## ABOUT THIS EXERCISE
Set each line of the records down again exactly, please.

[MATERIALS PROVIDED — start]

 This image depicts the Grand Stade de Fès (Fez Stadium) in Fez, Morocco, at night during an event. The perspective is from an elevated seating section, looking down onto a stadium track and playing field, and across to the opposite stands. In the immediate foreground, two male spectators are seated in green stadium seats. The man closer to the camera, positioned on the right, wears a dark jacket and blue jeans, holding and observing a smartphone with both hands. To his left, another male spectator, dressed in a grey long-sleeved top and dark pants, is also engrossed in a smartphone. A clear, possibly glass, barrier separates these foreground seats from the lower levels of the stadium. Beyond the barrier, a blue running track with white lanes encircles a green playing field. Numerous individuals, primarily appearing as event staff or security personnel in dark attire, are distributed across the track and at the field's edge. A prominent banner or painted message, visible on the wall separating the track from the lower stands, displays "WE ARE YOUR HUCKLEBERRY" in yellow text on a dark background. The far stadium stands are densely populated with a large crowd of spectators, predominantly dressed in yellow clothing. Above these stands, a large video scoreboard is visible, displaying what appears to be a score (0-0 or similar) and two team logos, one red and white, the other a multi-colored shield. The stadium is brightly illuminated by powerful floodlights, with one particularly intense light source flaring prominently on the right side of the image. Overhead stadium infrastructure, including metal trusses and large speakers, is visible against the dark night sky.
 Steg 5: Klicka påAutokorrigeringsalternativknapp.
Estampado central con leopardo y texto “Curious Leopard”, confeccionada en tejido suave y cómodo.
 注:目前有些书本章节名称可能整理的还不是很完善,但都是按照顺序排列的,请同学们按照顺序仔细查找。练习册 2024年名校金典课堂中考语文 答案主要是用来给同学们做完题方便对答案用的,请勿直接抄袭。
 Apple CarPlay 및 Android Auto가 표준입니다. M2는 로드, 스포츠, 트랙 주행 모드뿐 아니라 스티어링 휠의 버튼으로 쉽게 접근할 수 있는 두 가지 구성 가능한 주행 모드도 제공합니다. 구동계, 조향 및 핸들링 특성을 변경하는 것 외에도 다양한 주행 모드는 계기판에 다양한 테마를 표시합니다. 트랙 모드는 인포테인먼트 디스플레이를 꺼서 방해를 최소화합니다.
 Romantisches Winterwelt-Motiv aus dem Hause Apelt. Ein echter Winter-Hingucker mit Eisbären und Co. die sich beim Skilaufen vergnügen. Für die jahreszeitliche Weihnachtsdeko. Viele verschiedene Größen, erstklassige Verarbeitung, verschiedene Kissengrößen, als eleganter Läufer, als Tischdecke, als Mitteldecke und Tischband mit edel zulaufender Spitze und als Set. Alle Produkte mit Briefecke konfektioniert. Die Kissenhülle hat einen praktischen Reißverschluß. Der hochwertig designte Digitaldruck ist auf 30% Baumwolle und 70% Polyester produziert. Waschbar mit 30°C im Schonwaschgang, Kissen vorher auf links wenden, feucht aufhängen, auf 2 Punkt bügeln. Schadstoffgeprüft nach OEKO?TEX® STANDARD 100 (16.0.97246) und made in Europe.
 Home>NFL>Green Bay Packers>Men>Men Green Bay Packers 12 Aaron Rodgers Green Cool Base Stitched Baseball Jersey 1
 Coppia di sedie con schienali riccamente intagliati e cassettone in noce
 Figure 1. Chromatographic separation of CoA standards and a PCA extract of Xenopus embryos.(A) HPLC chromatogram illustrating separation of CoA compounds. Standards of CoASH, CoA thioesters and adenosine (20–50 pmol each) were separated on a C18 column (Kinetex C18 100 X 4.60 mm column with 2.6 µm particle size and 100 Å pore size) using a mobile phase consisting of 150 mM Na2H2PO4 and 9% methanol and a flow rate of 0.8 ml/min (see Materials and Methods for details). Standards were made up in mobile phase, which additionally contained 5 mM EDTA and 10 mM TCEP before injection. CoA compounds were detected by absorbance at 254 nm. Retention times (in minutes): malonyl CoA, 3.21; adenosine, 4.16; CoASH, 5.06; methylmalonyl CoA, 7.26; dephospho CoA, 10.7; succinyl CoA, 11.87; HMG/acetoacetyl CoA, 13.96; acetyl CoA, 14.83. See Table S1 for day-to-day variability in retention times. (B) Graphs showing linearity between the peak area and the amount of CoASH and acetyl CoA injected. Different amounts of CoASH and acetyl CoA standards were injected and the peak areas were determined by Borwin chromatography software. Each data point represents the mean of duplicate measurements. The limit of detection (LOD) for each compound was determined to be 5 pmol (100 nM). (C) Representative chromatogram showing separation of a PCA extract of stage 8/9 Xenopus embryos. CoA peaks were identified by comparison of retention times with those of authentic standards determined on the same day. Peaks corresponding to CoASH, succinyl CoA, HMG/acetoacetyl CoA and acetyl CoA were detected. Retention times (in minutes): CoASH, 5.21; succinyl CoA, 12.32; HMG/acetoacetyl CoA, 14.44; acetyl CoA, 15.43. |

[MATERIALS PROVIDED — finish]

## RESPONSE TO THE TASK
 This image depicts the Grand Stade de Fès (Fez Stadium) in Fez, Morocco, at night during an event. The perspective is from an elevated seating section, looking down onto a stadium track and playing field, and across to the opposite stands. In the immediate foreground, two male spectators are seated in green stadium seats. The man closer to the camera, positioned on the right, wears a dark jacket and blue jeans, holding and observing a smartphone with both hands. To his left, another male spectator, dressed in a grey long-sleeved top and dark pants, is also engrossed in a smartphone. A clear, possibly glass, barrier separates these foreground seats from the lower levels of the stadium. Beyond the barrier, a blue running track with white lanes encircles a green playing field. Numerous individuals, primarily appearing as event staff or security personnel in dark attire, are distributed across the track and at the field's edge. A prominent banner or painted message, visible on the wall separating the track from the lower stands, displays "WE ARE YOUR HUCKLEBERRY" in yellow text on a dark background. The far stadium stands are densely populated with a large crowd of spectators, predominantly dressed in yellow clothing. Above these stands, a large video scoreboard is visible, displaying what appears to be a score (0-0 or similar) and two team logos, one red and white, the other a multi-colored shield. The stadium is brightly illuminated by powerful floodlights, with one particularly intense light source flaring prominently on the right side of the image. Overhead stadium infrastructure, including metal trusses and large speakers, is visible against the dark night sky.
 Steg 5: Klicka påAutokorrigeringsalternativknapp.
Estampado central con leopardo y texto “Curious Leopard”, confeccionada en tejido suave y cómodo.
 注:目前有些书本章节名称可能整理的还不是很完善,但都是按照顺序排列的,请同学们按照顺序仔细查找。练习册 2024年名校金典课堂中考语文 答案主要是用来给同学们做完题方便对答案用的,请勿直接抄袭。
 Apple CarPlay 및 Android Auto가 표준입니다. M2는 로드, 스포츠, 트랙 주행 모드뿐 아니라 스티어링 휠의 버튼으로 쉽게 접근할 수 있는 두 가지 구성 가능한 주행 모드도 제공합니다. 구동계, 조향 및 핸들링 특성을 변경하는 것 외에도 다양한 주행 모드는 계기판에 다양한 테마를 표시합니다. 트랙 모드는 인포테인먼트 디스플레이를 꺼서 방해를 최소화합니다.
 Romantisches Winterwelt-Motiv aus dem Hause Apelt. Ein echter Winter-Hingucker mit Eisbären und Co. die sich beim Skilaufen vergnügen. Für die jahreszeitliche Weihnachtsdeko. Viele verschiedene Größen, erstklassige Verarbeitung, verschiedene Kissengrößen, als eleganter Läufer, als Tischdecke, als Mitteldecke und Tischband mit edel zulaufender Spitze und als Set. Alle Produkte mit Briefecke konfektioniert. Die Kissenhülle hat einen praktischen Reißverschluß. Der hochwertig designte Digitaldruck ist auf 30% Baumwolle und 70% Polyester produziert. Waschbar mit 30°C im Schonwaschgang, Kissen vorher auf links wenden, feucht aufhängen, auf 2 Punkt bügeln. Schadstoffgeprüft nach OEKO?TEX® STANDARD 100 (16.0.97246) und made in Europe.
 Home>NFL>Green Bay Packers>Men>Men Green Bay Packers 12 Aaron Rodgers Green Cool Base Stitched Baseball Jersey 1
 Coppia di sedie con schienali riccamente intagliati e cassettone in noce
 Figure 1. Chromatographic separation of CoA standards and a PCA extract of Xenopus embryos.(A) HPLC chromatogram illustrating separation of CoA compounds. Standards of CoASH, CoA thioesters and adenosine (20–50 pmol each) were separated on a C18 column (Kinetex C18 100 X 4.60 mm column with 2.6 µm particle size and 100 Å pore size) using a mobile phase consisting of 150 mM Na2H2PO4 and 9% methanol and a flow rate of 0.8 ml/min (see Materials and Methods for details). Standards were made up in mobile phase, which additionally contained 5 mM EDTA and 10 mM TCEP before injection. CoA compounds were detected by absorbance at 254 nm. Retention times (in minutes): malonyl CoA, 3.21; adenosine, 4.16; CoASH, 5.06; methylmalonyl CoA, 7.26; dephospho CoA, 10.7; succinyl CoA, 11.87; HMG/acetoacetyl CoA, 13.96; acetyl CoA, 14.83. See Table S1 for day-to-day variability in retention times. (B) Graphs showing linearity between the peak area and the amount of CoASH and acetyl CoA injected. Different amounts of CoASH and acetyl CoA standards were injected and the peak areas were determined by Borwin chromatography software. Each data point represents the mean of duplicate measurements. The limit of detection (LOD) for each compound was determined to be 5 pmol (100 nM). (C) Representative chromatogram showing separation of a PCA extract of stage 8/9 Xenopus embryos. CoA peaks were identified by comparison of retention times with those of authentic standards determined on the same day. Peaks corresponding to CoASH, succinyl CoA, HMG/acetoacetyl CoA and acetyl CoA were detected. Retention times (in minutes): CoASH, 5.21; succinyl CoA, 12.32; HMG/acetoacetyl CoA, 14.44; acetyl CoA, 15.43. |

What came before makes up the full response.